**Work task**
Give back the records below exactly, omitting the pictures.

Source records
*** Begin section ***

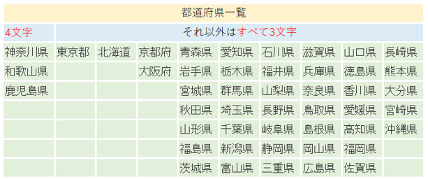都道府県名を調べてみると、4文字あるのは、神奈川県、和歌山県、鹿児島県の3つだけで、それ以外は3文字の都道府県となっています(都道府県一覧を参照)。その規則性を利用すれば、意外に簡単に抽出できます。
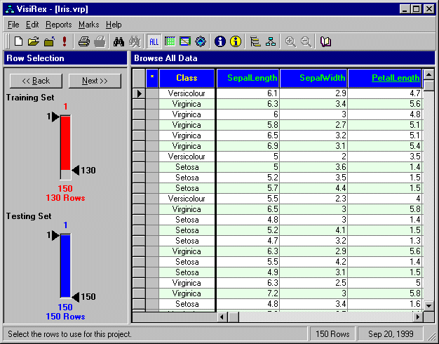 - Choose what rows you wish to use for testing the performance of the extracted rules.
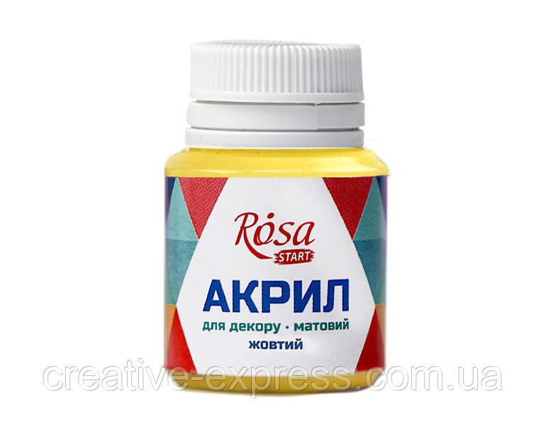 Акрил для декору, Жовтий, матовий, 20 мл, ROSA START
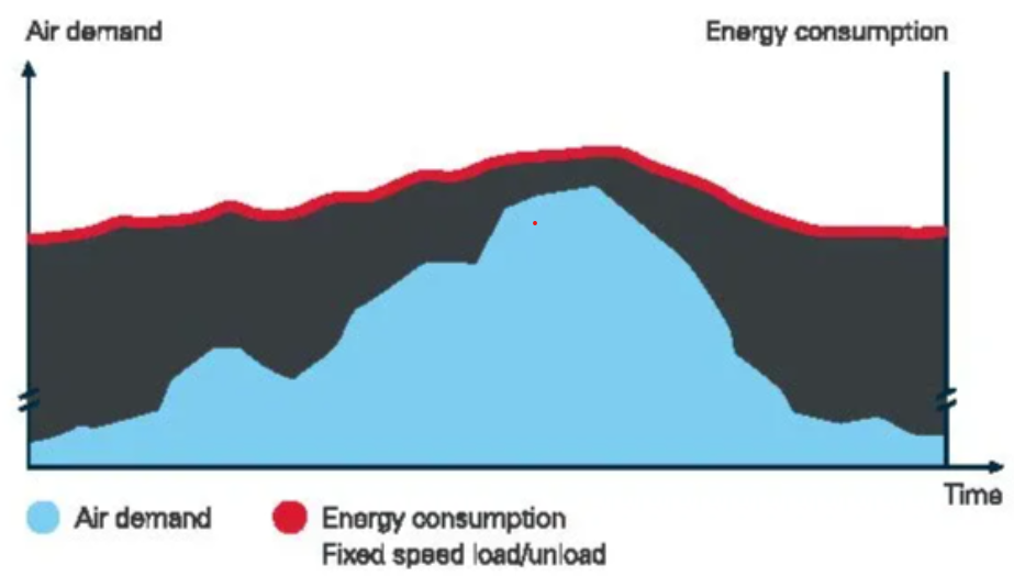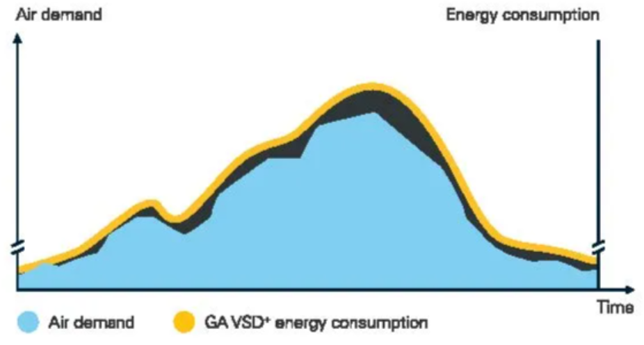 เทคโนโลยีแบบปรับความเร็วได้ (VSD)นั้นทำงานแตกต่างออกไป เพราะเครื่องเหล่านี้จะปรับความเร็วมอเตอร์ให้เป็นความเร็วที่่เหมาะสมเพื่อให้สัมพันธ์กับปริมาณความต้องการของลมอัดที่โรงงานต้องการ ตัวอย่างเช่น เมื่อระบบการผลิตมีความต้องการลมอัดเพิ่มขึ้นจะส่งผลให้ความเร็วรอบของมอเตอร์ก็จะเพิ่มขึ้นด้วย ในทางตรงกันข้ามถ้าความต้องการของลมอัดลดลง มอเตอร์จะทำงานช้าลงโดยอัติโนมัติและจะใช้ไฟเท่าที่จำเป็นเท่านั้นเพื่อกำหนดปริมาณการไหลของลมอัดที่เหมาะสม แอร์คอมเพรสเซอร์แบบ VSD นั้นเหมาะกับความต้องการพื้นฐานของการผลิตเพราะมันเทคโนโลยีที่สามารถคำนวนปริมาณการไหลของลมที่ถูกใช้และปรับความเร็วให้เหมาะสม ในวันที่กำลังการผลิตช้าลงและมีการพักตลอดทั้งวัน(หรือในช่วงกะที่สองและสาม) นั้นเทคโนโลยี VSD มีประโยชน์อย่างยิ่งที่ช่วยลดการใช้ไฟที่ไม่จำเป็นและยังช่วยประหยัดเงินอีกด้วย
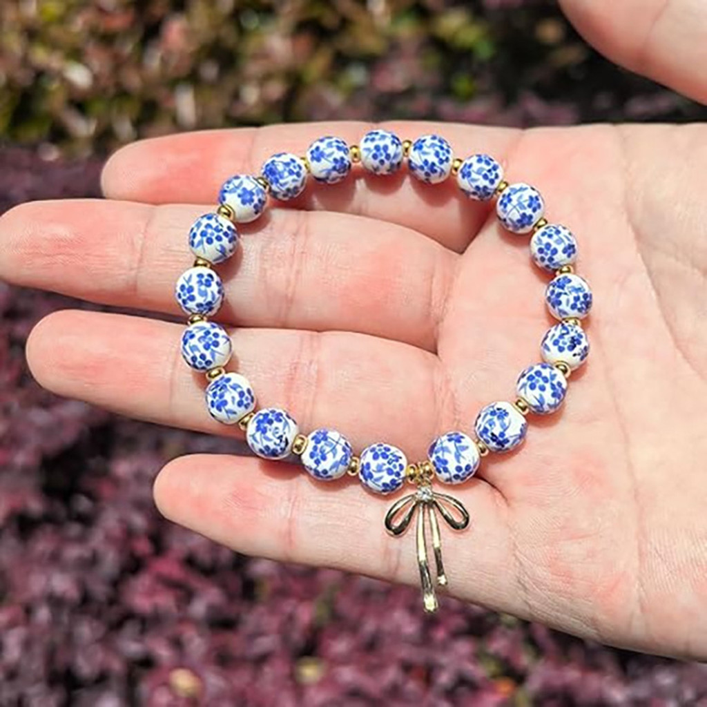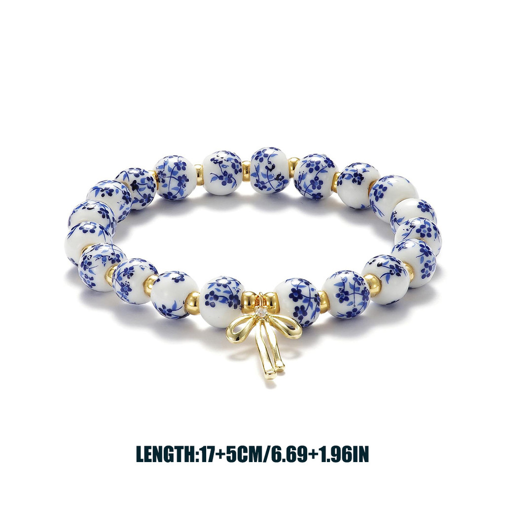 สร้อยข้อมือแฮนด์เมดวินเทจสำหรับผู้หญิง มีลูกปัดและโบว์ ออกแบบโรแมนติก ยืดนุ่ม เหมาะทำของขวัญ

*** End section ***

**Completed task**
都道府県名を調べてみると、4文字あるのは、神奈川県、和歌山県、鹿児島県の3つだけで、それ以外は3文字の都道府県となっています(都道府県一覧を参照)。その規則性を利用すれば、意外に簡単に抽出できます。
 - Choose what rows you wish to use for testing the performance of the extracted rules.
 Акрил для декору, Жовтий, матовий, 20 мл, ROSA START
 เทคโนโลยีแบบปรับความเร็วได้ (VSD)นั้นทำงานแตกต่างออกไป เพราะเครื่องเหล่านี้จะปรับความเร็วมอเตอร์ให้เป็นความเร็วที่่เหมาะสมเพื่อให้สัมพันธ์กับปริมาณความต้องการของลมอัดที่โรงงานต้องการ ตัวอย่างเช่น เมื่อระบบการผลิตมีความต้องการลมอัดเพิ่มขึ้นจะส่งผลให้ความเร็วรอบของมอเตอร์ก็จะเพิ่มขึ้นด้วย ในทางตรงกันข้ามถ้าความต้องการของลมอัดลดลง มอเตอร์จะทำงานช้าลงโดยอัติโนมัติและจะใช้ไฟเท่าที่จำเป็นเท่านั้นเพื่อกำหนดปริมาณการไหลของลมอัดที่เหมาะสม แอร์คอมเพรสเซอร์แบบ VSD นั้นเหมาะกับความต้องการพื้นฐานของการผลิตเพราะมันเทคโนโลยีที่สามารถคำนวนปริมาณการไหลของลมที่ถูกใช้และปรับความเร็วให้เหมาะสม ในวันที่กำลังการผลิตช้าลงและมีการพักตลอดทั้งวัน(หรือในช่วงกะที่สองและสาม) นั้นเทคโนโลยี VSD มีประโยชน์อย่างยิ่งที่ช่วยลดการใช้ไฟที่ไม่จำเป็นและยังช่วยประหยัดเงินอีกด้วย
 สร้อยข้อมือแฮนด์เมดวินเทจสำหรับผู้หญิง มีลูกปัดและโบว์ ออกแบบโรแมนติก ยืดนุ่ม เหมาะทำของขวัญ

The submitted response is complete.